Comment by ozgrakkurt

6 hours ago

The dataset they use is <14GB of parquet [1] so the "cold start" seems to be intended to also measure having a dataset that doesn't fit in memory in a way.

I don't think this is an oversight but it is just what they found to be feasible. This is explicitly written in [1]. Also the guy who setup this benchmark is very serious about benchmarking under difficult conditions [2]

My personal opinion is that you need a massive amount of data and massive number of different variables to test for separately. For example you might want to monitor how many cache misses/hits there were, p99 latency etc. And you want to do it under full load, expected load etc. And you want to compare the different versions of the same database because comparing different databases makes things combinatorially more difficult, unless you have a real production use case that you are optimizing for ofc.
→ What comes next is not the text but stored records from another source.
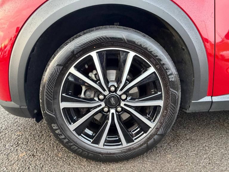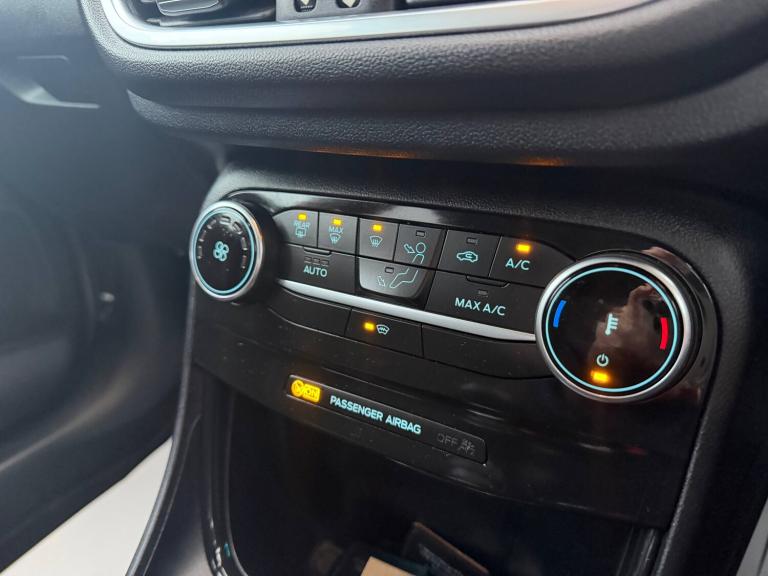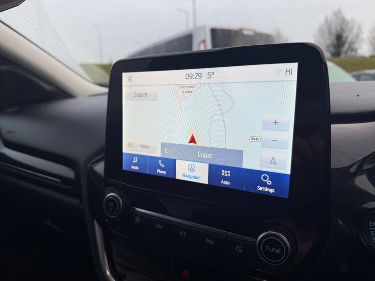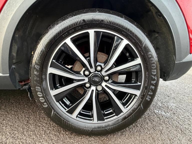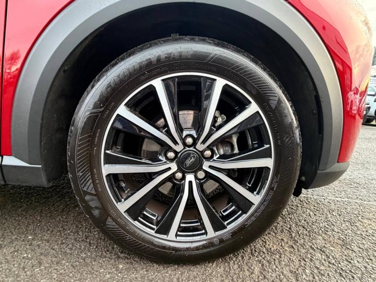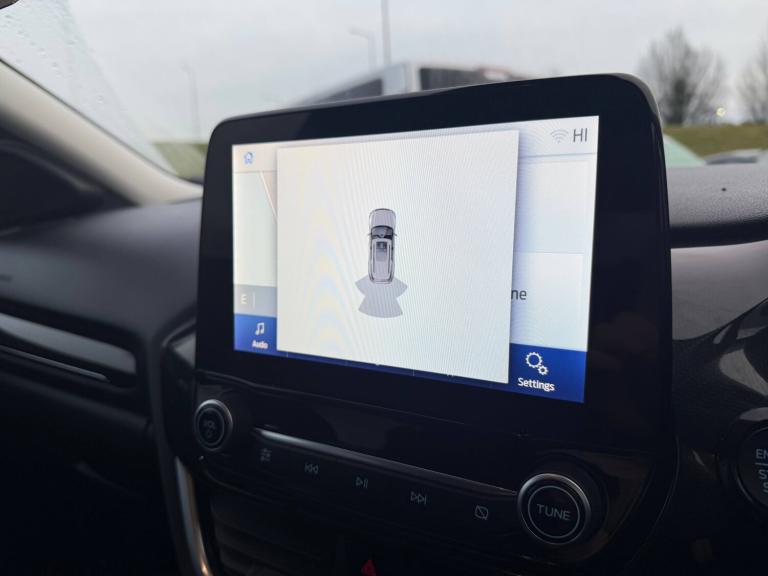 3 rear seatbelts, Autonomous emergency braking, Child safety lock, Electronic stability control (ESC) and hill start assist, Pedestrian/cyclist detection and post-collision braking, Pre collision assist system, Tyre pressure monitoring system (TPMS), Colour 4.2 inch TFT analogue instrument cluster, Cruise control with Intelligent speed assist, Driver impairment monitor, Emergency call service, Ford easy fuel, Lane keeping aid with lane departure warning, Manual tailgate, Power assist steering, Power start button, Rear parking sensor, Selectable drive modes(Normal, Eco, Sport, Slippery and Trail), Speed sign recognition, Automatic headlights with auto high beam, Automatic rain sensing wipers, Body colour rear spoiler, Body coloured door mirrors, Body coloured roof, LED rear lamps, Power foldable heated door mirrors with puddle lamps, Projector headlamps with LED day time running lights and front fog lamps, Quickclear heated windscreen, Rear side wing doors, Rear wiper, Solid paint, Third brake light, 3 seat bench in 2nd row, Centre console with armrest and stowage, Electronic automatic temperature control (EATC), Ford megabox extended bootspace, Front and rear head restraints, Front floor mats, Manual 2 way passenger seat adjustment, Manual 4 way driver seat adjust with lumbar adjustment, Sensico leather steering wheel/gear knob/handbrake, Single front passenger seat, Titanium cloth upholstery, Ford SYNC 3 navigation pack - Puma, Standard suspension, Thatcham alarm, 17 inch 10 spoke absolute black machined finish alloy wheel, Tyre inflation kit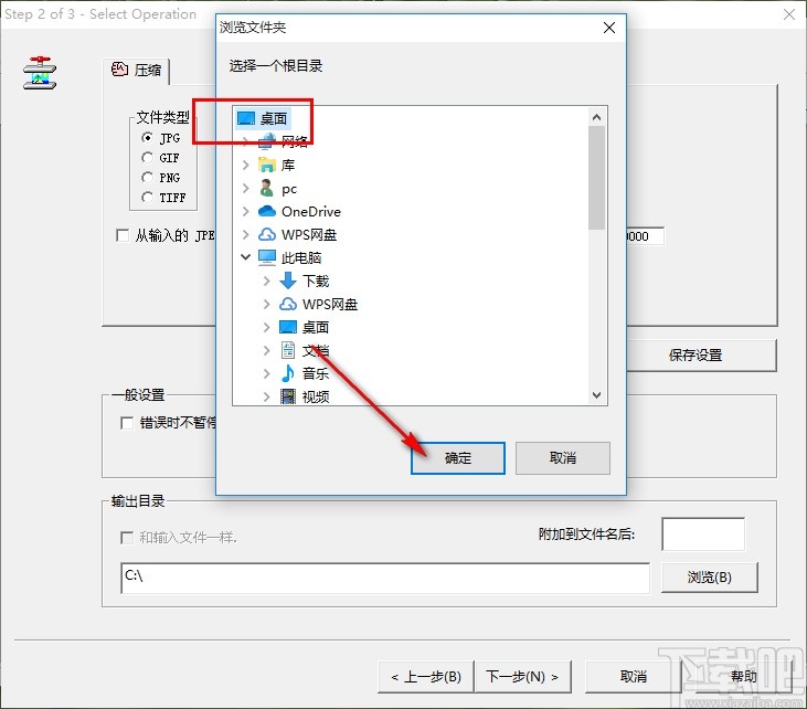 5.点击这个浏览按钮之后接下来在打开的选择文件输出保存界面中,选中输出目录之后点击右下角的确定按钮即可。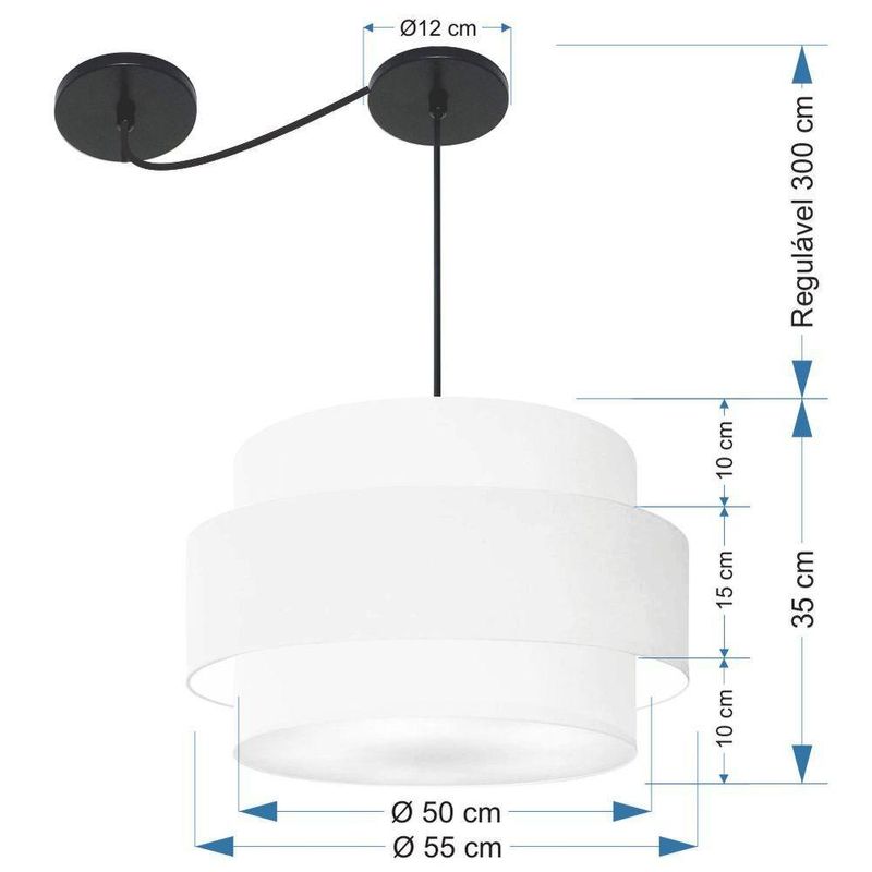Lustre Sala De Jantar Com Desvio Vivare Md-4400 Cúpula Em Tecido 55cm Branco 127/220vLustre de Jantar Com Desvio Vivare Md-4400 Cúpula em Tecido 55cm - BivoltOs lustres sala de jantar com desvio podem ter diferentes Formato:, tamanhos e acessórios para fazer o deslocamento, permitindo que você escolha a posição onde melhor se adequa às necessidades da sua mesa sala de jantar. Para a iluminação geral, ou seja, para clárear todo o ambiente de forma uniforme, os lustres com várias lâmpadas e iluminação difusa são excelentes opções.DimensãoCúpula em Tecido: 50x55x50cmFormato: CilíndricoTamanho: GrandeFio e Cabo Ajustável: Altura 3,0 MetrosTipo Pendente: TetoEspecificaçãoMateriais: Cúpula em Tecido2 Canopla Teto Alumínio Diâmetro 12x2cm Cor PretaCúpula Com Tampa: InferiorResistente: Á MaresiaVoltagem: 110V/220VTipo de Soquete: E27Tipos de lâmpada: Led Bulbo Até 16w ou Fluorescente Espiral Até 25w CadaCapacidade de lâmpadas: 3ObservaçãoAcompanha Lâmpada: NãoPossui Led Integrado: NãoGarantia: 12 MesesManual de Instalação: SimPendente Montado: SimControle de Luminosidade: NãoTipo de Embalagem: CaixaFixaçãoForro de laje, Forro de gesso acartonado, Forro de madeira, Forro de lã de vidro, Forro de PVC, Forro modular, Forro alvenaria.Conservação e Manutenção do ProdutoA Limpeza deve ser realizada com o produto desligado. Remova o lustre que pode ser lavado com sabão neutro. Nunca utilize produtos químicos e abrasivosDicaAntes de comprar o seu produto verifique as medidas, o local onde pretende instalar e se necessário o serviço de um profissional qualificado.

The swisstable talk on cppcon is a good example of a useful benchmark and optimization that shows how difficult it is to really asses performance effects of even "small" changes. [3]

[1] https://github.com/ClickHouse/ClickBench#data-loading

[2] https://www.youtube.com/watch?v=CAS2otEoerM

[3] https://www.youtube.com/watch?v=ncHmEUmJZf4

Yeah, the tl;dr is that benchmarking is freaking hard because what you actually care about is "does my workload today and in the future run better or worse given current setup?" but identifying what your workload actually is, what systems you are going to be allowed to run it on, what tweaks would even be possible if you know the interiors of a system and how it aligns with your hardware, and it all comes with the price tag of "and if you do anything different tomorrow with any of these variables it might not hold."

  • Yeah, but also, I want to know the p50 warm performance, not just the p99. Run the same query twice in a row after cold start. And then another 10 times. Then do another different set of queries and at the end of the day, or a week, still have no real idea how the system will perform in prod for your particular use case.

    Benchmarking is hard, no argument from me!

    • Yep, I actually want to know the system has some sort of baseline performance that only hockey sticks under conditions I can monitor and control... but also the business wants to try new feature X and vendor is promising new performance for feature Y, and new patches are coming in affecting ???.